Data for review:
------------------------------------------------

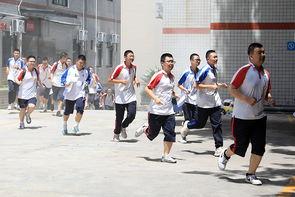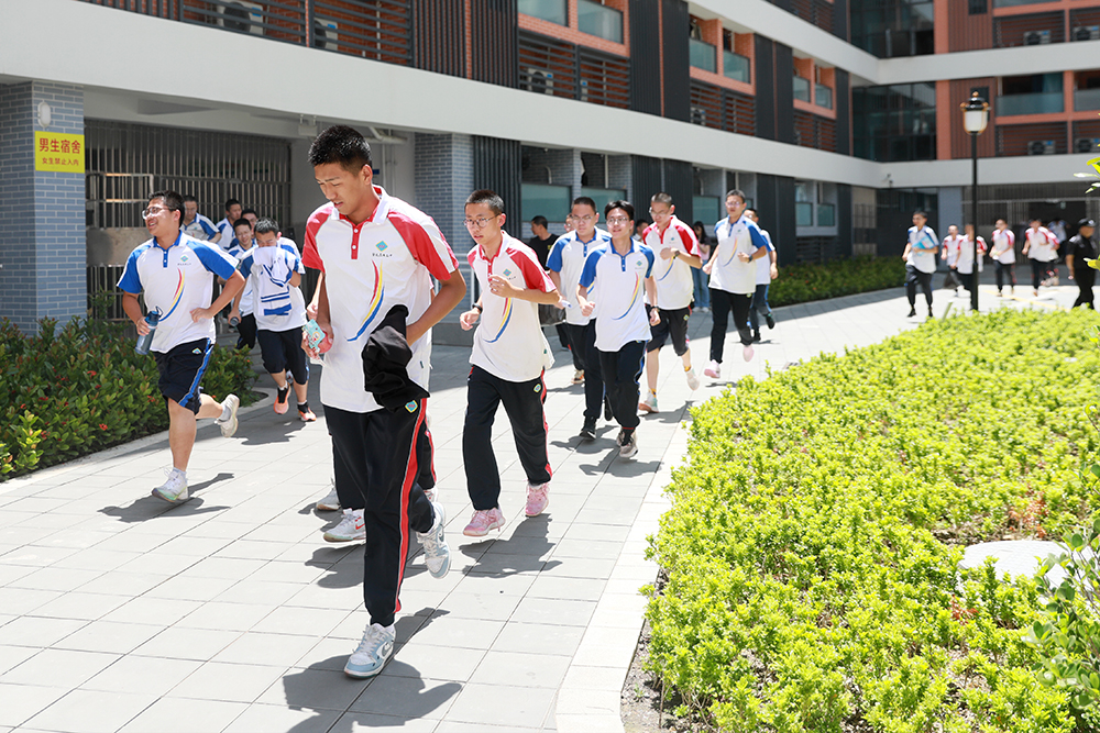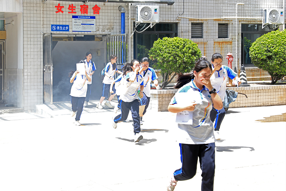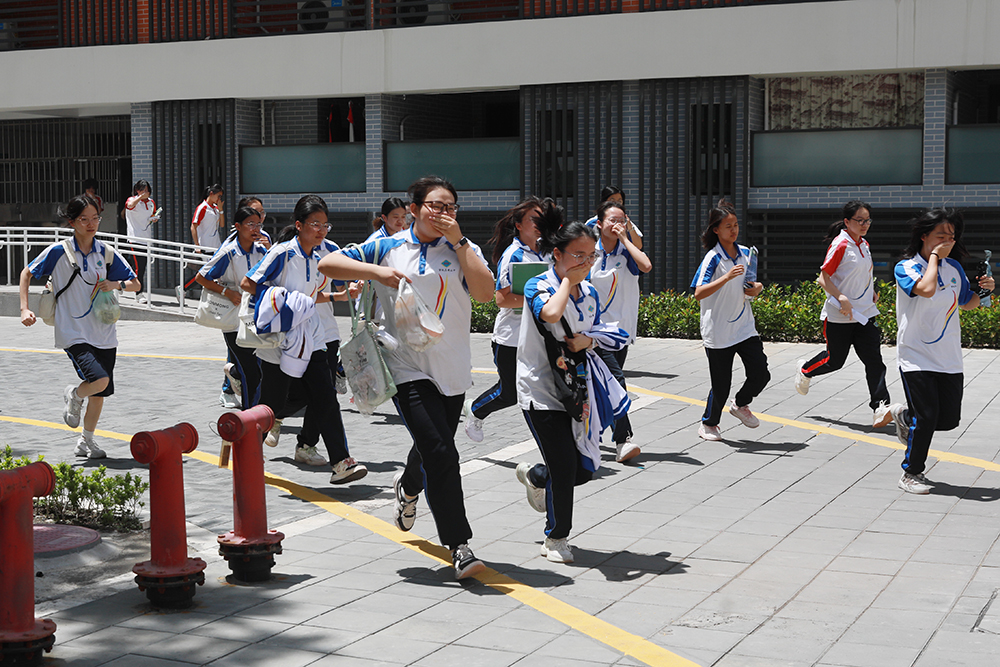 14时20分,随着急促的消防警报声响起,演练正式开始。各宿舍楼的生活老师立即组织学生按照预定方案进行疏散。同学们迅速用湿毛巾捂住口鼻,弯腰低姿,沿着指定疏散路线有序撤离。在楼梯口、拐角处等重点位置,安全引导员有序指挥,确保疏散过程安全顺畅。整个疏散过程紧张有序,两校区师生仅用时不到三分钟就全部安全撤离到指定集合地点。
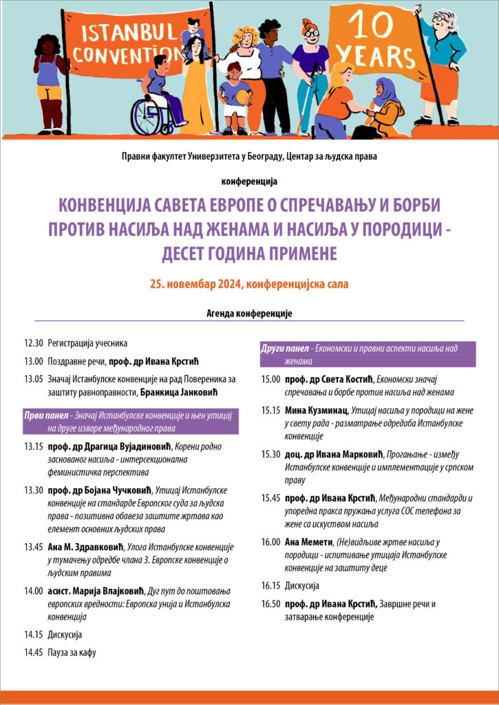 У понедељак, 25. новембра 2024. године, на Правном факултету Универзитета у Београду одржана је конференција поводом обележавања десет година примене Конвенције Савета Европе о спречавању и борби против насиља над женама и насиља у породици.
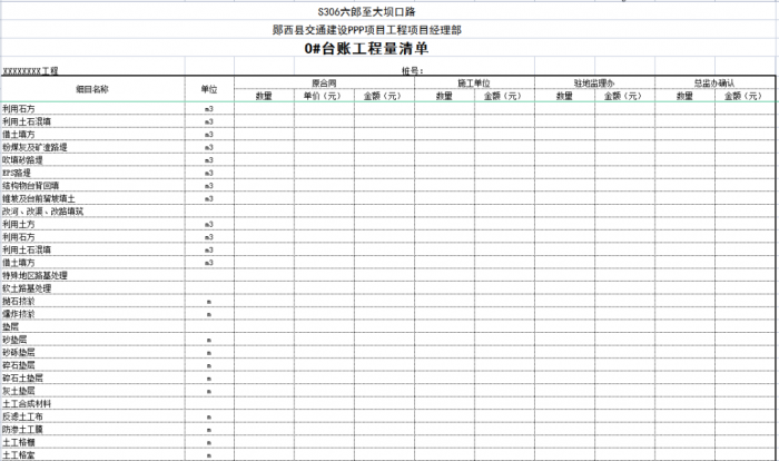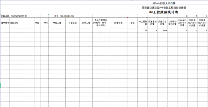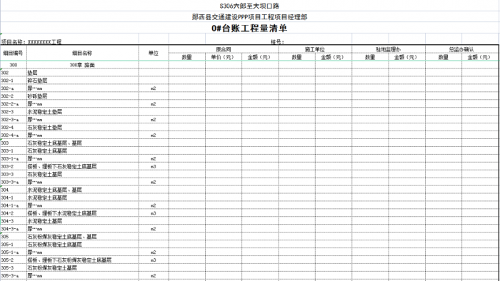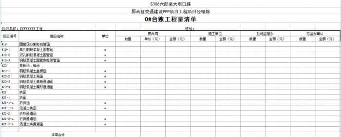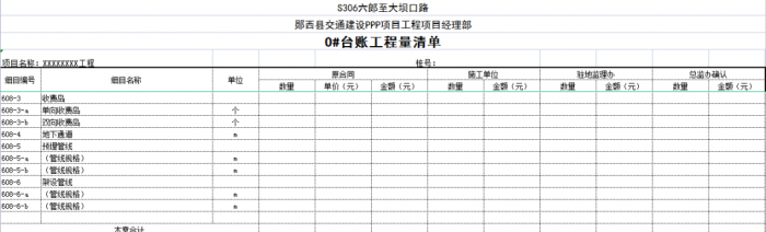 “0#”臺賬按單位、分部、分項工程劃分標準編制,可以將計量支付與質(zhì)量檢驗評定有機結(jié)合起來,這樣可以使質(zhì)檢、測量、實驗、計量等部門的內(nèi)業(yè)工作都在同一個規(guī)則下進行,提高了整個項目(合同段)內(nèi)業(yè)管理的效率。
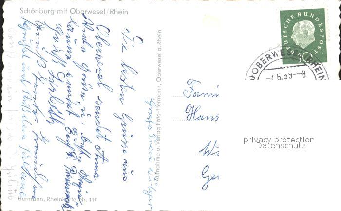 72118170 alte Postkarte Oberwesel Rhein mit Schoenburg postalisch gelaufen Erhaltung siehe scans KatCode: 11110007140112
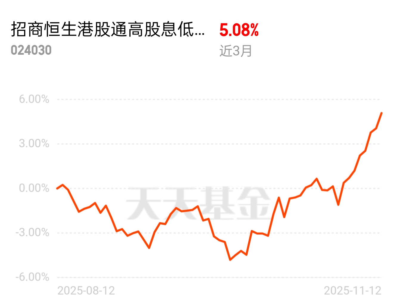 港股通资金持续净流入,高股息低波动的标的因为风险低、回报稳成为投资热点。招商恒生港股通高股息低波动ETF联接C近3个月涨了5.08%,指数6%高股息率很有吸引力,金融地产权重超60%,低波动+低费率+定期分红,底仓配置太合适。
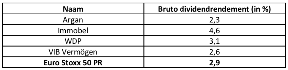 Midden 2020 noteert de Euro Stoxx 50 PR index 26,1% lager dan begin 2008. Maar de geselecteerde vastgoedaandelen hebben de crisis duidelijk achter zich gelaten, waarbij vooral de prestatie van het logistiek vastgoed in het oog springt (Argon en WDP). Maar ook Immobel en VIB Vermögen doen het goed. Opgelet! Dit betreft uitsluitend koersprestaties, d.w.z. zonder rekening te houden met de uitgekeerde dividenden die soms op een hoger niveau liggen dan deze uitgekeerd door bedrijven opgenomen in de Euro Stoxx 50 index; zie onderstaand overzicht per 30 juni 2020.

------------------------------------------------

If a record holds a picture, leave that picture out; retype everything else exactly.

 14时20分,随着急促的消防警报声响起,演练正式开始。各宿舍楼的生活老师立即组织学生按照预定方案进行疏散。同学们迅速用湿毛巾捂住口鼻,弯腰低姿,沿着指定疏散路线有序撤离。在楼梯口、拐角处等重点位置,安全引导员有序指挥,确保疏散过程安全顺畅。整个疏散过程紧张有序,两校区师生仅用时不到三分钟就全部安全撤离到指定集合地点。
 У понедељак, 25. новембра 2024. године, на Правном факултету Универзитета у Београду одржана је конференција поводом обележавања десет година примене Конвенције Савета Европе о спречавању и борби против насиља над женама и насиља у породици.
 “0#”臺賬按單位、分部、分項工程劃分標準編制,可以將計量支付與質(zhì)量檢驗評定有機結(jié)合起來,這樣可以使質(zhì)檢、測量、實驗、計量等部門的內(nèi)業(yè)工作都在同一個規(guī)則下進行,提高了整個項目(合同段)內(nèi)業(yè)管理的效率。
 72118170 alte Postkarte Oberwesel Rhein mit Schoenburg postalisch gelaufen Erhaltung siehe scans KatCode: 11110007140112
 港股通资金持续净流入,高股息低波动的标的因为风险低、回报稳成为投资热点。招商恒生港股通高股息低波动ETF联接C近3个月涨了5.08%,指数6%高股息率很有吸引力,金融地产权重超60%,低波动+低费率+定期分红,底仓配置太合适。
 Midden 2020 noteert de Euro Stoxx 50 PR index 26,1% lager dan begin 2008. Maar de geselecteerde vastgoedaandelen hebben de crisis duidelijk achter zich gelaten, waarbij vooral de prestatie van het logistiek vastgoed in het oog springt (Argon en WDP). Maar ook Immobel en VIB Vermögen doen het goed. Opgelet! Dit betreft uitsluitend koersprestaties, d.w.z. zonder rekening te houden met de uitgekeerde dividenden die soms op een hoger niveau liggen dan deze uitgekeerd door bedrijven opgenomen in de Euro Stoxx 50 index; zie onderstaand overzicht per 30 juni 2020.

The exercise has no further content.